▶

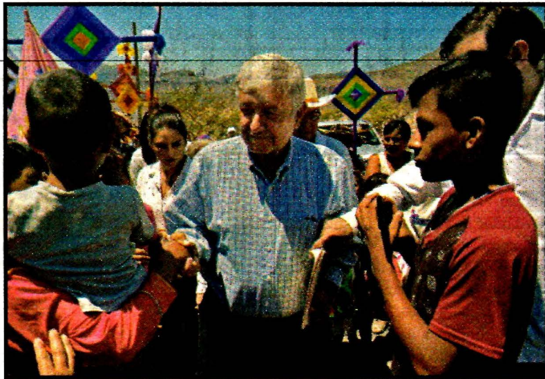
EL NAYAR, Nay.- Andrés Manuel López Obrador. Refrenda compromisos.
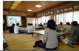
令和元年9月 出前講座、図上訓練
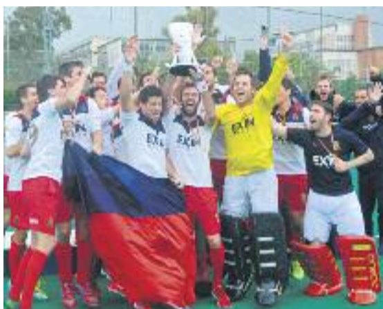
La consecució de la lliga tanca una temporada excel·lent per als dos equips del club.

Aquest partit pel títol es va disputar l'endemà a dos quarts de quatre de la tarda. Malgrat que el dia no acompanyava, les graderies del camp es van omplir fins a la bandera per veure un partit que es va resoldre als shoot-outs contra el Júnior (2-2 i 3-1 després dels llançaments). Després d'un parcial sense gols, Borja Llorens va avançar el Polo després d'una acció de penal-cór-
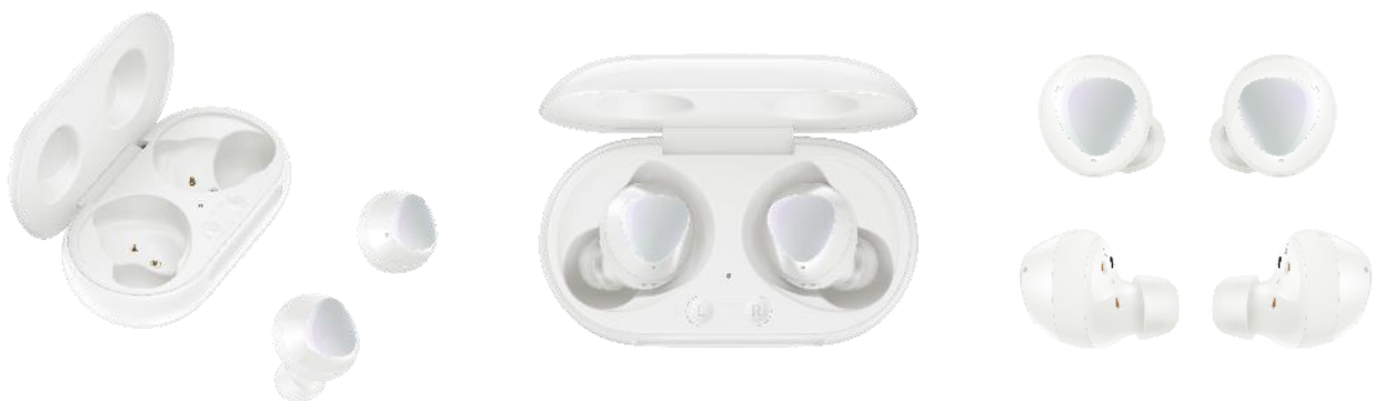
<「Galaxy Buds+ ホワイト」>
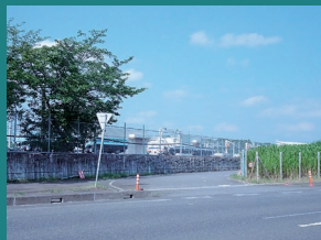
■ TX 車輛基地南側道路入口
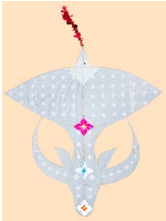
ว่าวควาย
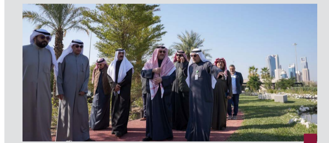
جانب من الجولة التفقدية
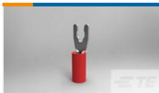
TE 产品编号52929-3 PIDG SP SPD 22-16COMM22-18MIL6
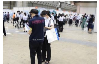
ブース訪問サポーター

病院探しに困ったら、病院情報のスペシャリスト「ブース訪問サポーター」に、個別にご相談できます。
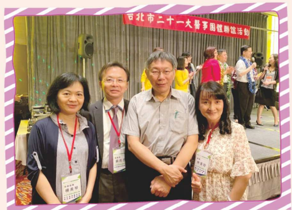
出席台北市護理師公會聯席餐會合影
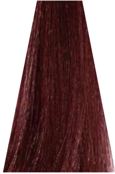
LIGHT RED BROWN castano chiaro rosso châtain clair rouge castaño claro rojizo castanho claro avermelhado
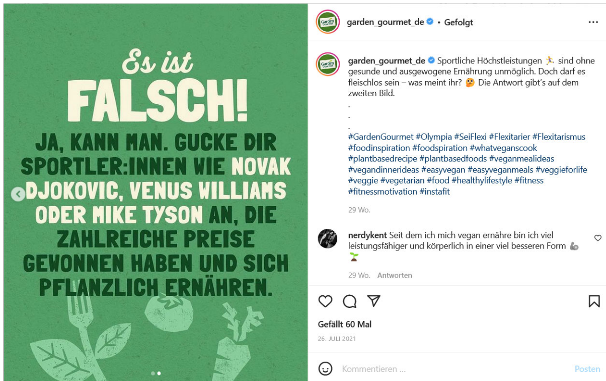
Abb. 12: Vegane Ernährung und Profisport, https://www.instagram.com/p/CRysjTBqq-E/ (31.10.2021; nicht mehr online)

Auf eine ähnliche Mischung aus informativen und argumentativen Aspekten setzt auch das Narrativ der „körperlichen Leistungsfähigkeit trotz veganer Ernährung“, das der folgende Post nutzt:

◀

The answer should consist of all lines from the records above that hold the word "Ernährung".

SOLVED PROBLEM:
Abb. 12: Vegane Ernährung und Profisport, https://www.instagram.com/p/CRysjTBqq-E/ (31.10.2021; nicht mehr online)
Auf eine ähnliche Mischung aus informativen und argumentativen Aspekten setzt auch das Narrativ der „körperlichen Leistungsfähigkeit trotz veganer Ernährung“, das der folgende Post nutzt:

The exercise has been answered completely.